Tokyo firebombing victims plan to sue government
TOKYO, Oct 30 (Reuters) Victims of US firebombing raids on Tokyo in World War Two are among about 100 people who planto seek compensation from the Japanese government for startingthe war and taking too long to stop it, the group's lawyer said today.
One of the worst incendiary bombings of Tokyo took place just moments after midnight on March 10, 1945, engulfing the capital in a firestorm and killing an estimated 100,000.
At least 138 people, some of them survivors of the firebombing and others relatives of those killed, plan to demand 10 million yen each and a government apology.
''The government began an invasive war, and by the time of the firebombing things were not going well. They should have been able to predict that something like that would happen,'' said Taketoshi Nakayama, the group's chief lawyer.
''If they'd stopped the war sooner, neither the firebombing nor the atomic bombings of Hiroshima and Nagasaki (in August 1945) would have taken place,'' he added.
The plaintiffs, who intend to file suit next March 9, say the government has offered compensation for the war only to military veterans and their relatives, violating constitutional principles of equality.
The only similar previous suit was filed by two women demanding government compensation over the bombing of the central city of Nagoya.
The Supreme Court rejected that suit in 1987, ruling: ''In an emergency situation where the fate of the nation is at stake, people just have to endure.'' Nakayama said the latest suit was being filed now because the survivors of the bombing were growing older.

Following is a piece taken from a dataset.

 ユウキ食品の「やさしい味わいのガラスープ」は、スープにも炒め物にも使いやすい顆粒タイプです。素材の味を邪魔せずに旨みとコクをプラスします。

He said the number of plaintiffs was likely to rise by the time the suit was filed. ''After all, there were 100,000 dead, and many people want to raise questions about national responsibility.'' Survivors and relatives of those who died in Tokyo firebombings on other dates as well as those from other cities would also take part, Nakayama said.

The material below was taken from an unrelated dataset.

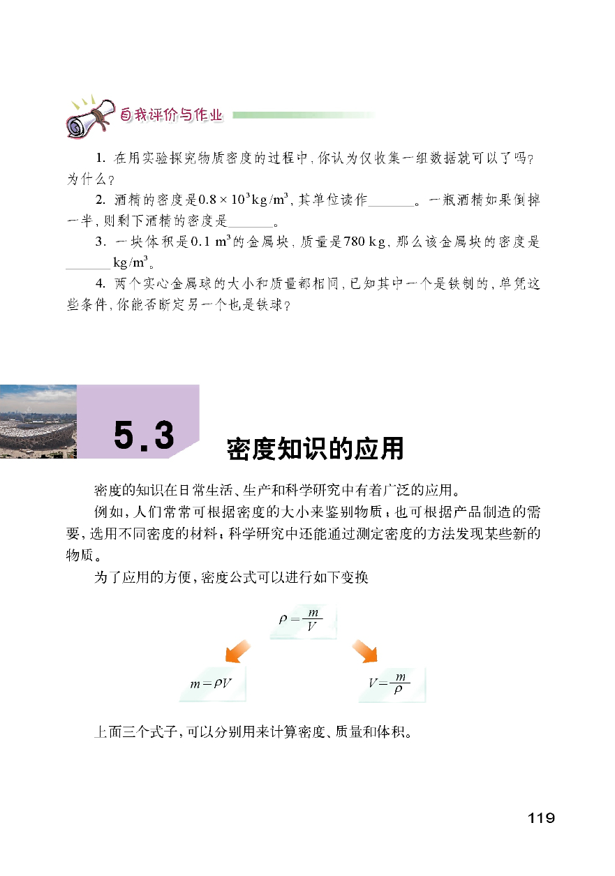 2013沪粤版物理八年级下册《5.3密度的应用》电子课本

Debate about war responsibility in Japan remains a touchy issue, frequently raised by Asian neighbours China and South Korea, which say Japan has not squarely faced up to its wartime aggression and colonisation.

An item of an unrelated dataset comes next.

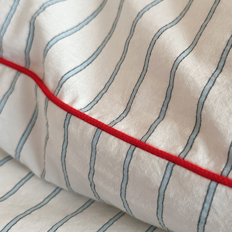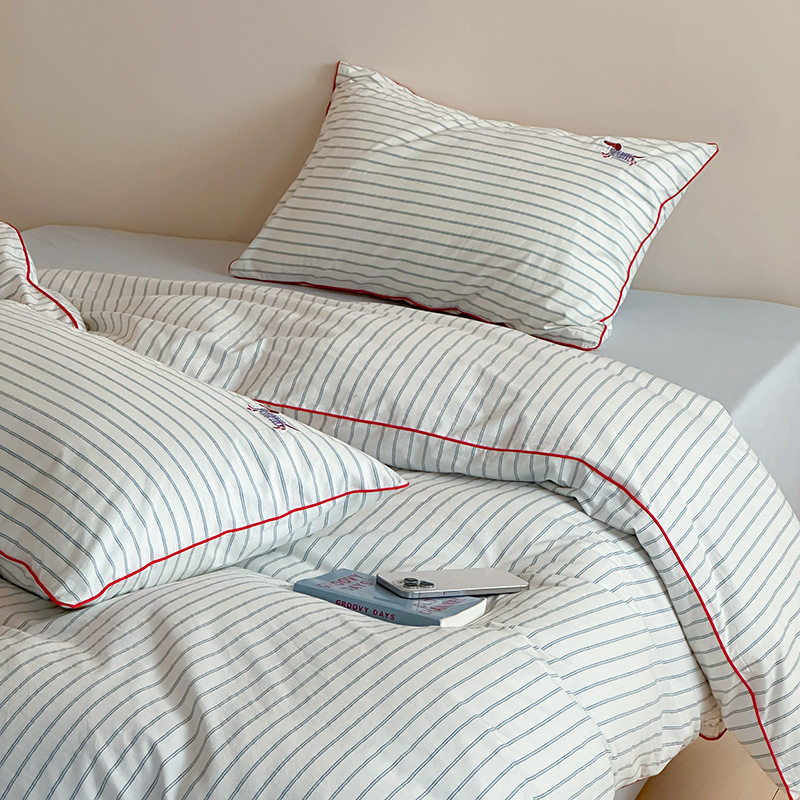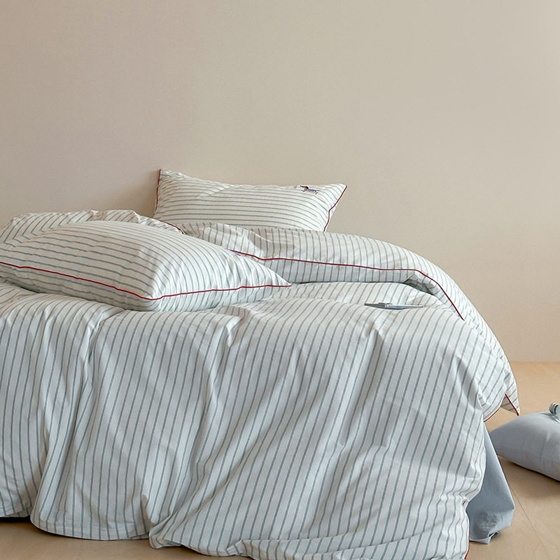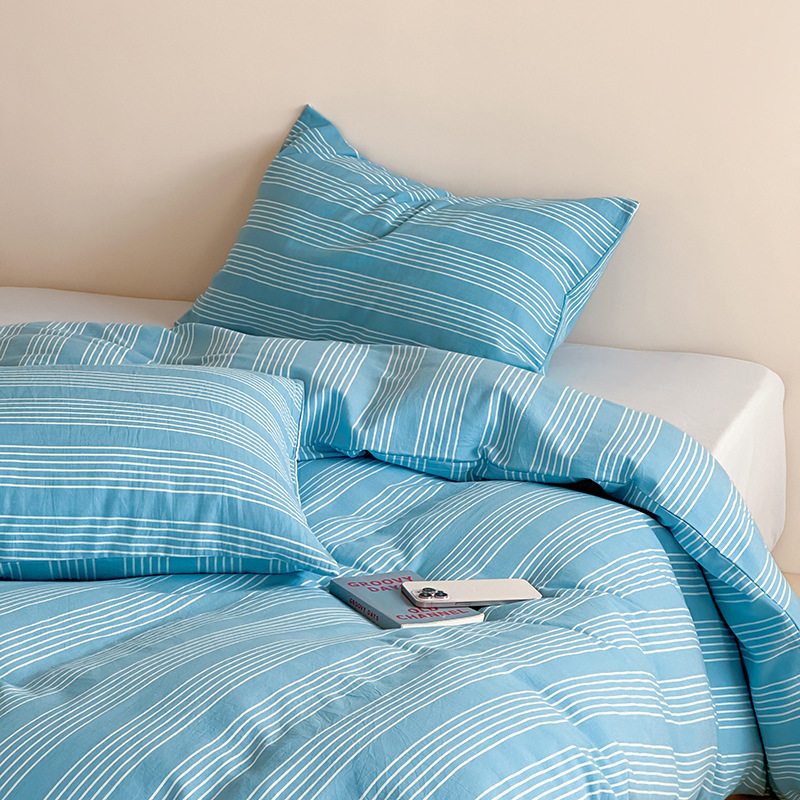 2025 Spring and Summer Blogger Bay Blue and White Striped Cotton Washed Cotton Four-piece Set Cotton Small Fresh Three-piece Set Art

In 1990, Hitoshi Motoshima, then mayor of Nagasaki, was shot and injured by a right-wing extremist angered by his remarks that wartime emperor Hirohito, father of the current emperor, bore some responsibility for the war.
But Prime Minister Shinzo Abe, in a nod to Beijing and Seoul before visits there earlier this month, told a parliamentary panel that wartime leaders, including his cabinet minister grandfather Nobusuke Kishi, had ''great responsibility'' for starting the war.